[[ INFORMATION PROVIDED, beginning ]]

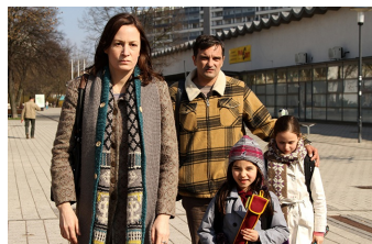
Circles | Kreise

[[ INFORMATION PROVIDED, end ]]
[[ INFORMATION PROVIDED, beginning ]]

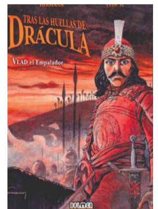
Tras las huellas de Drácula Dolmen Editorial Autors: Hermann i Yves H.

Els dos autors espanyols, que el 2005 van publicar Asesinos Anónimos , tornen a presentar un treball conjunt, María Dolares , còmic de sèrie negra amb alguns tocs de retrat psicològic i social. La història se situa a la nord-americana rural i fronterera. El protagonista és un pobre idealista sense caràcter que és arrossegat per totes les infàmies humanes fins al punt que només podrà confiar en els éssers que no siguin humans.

[[ INFORMATION PROVIDED, end ]]

- [TASK OBJECTIVE]:
In the listing above, find the line containing "Tras las huellas" and the line containing "Els dos autors", then retype both and every line between them exactly, with nothing else.

- [ANSWER SPACE]:
Tras las huellas de Drácula Dolmen Editorial Autors: Hermann i Yves H.

Els dos autors espanyols, que el 2005 van publicar Asesinos Anónimos , tornen a presentar un treball conjunt, María Dolares , còmic de sèrie negra amb alguns tocs de retrat psicològic i social. La història se situa a la nord-americana rural i fronterera. El protagonista és un pobre idealista sense caràcter que és arrossegat per totes les infàmies humanes fins al punt que només podrà confiar en els éssers que no siguin humans.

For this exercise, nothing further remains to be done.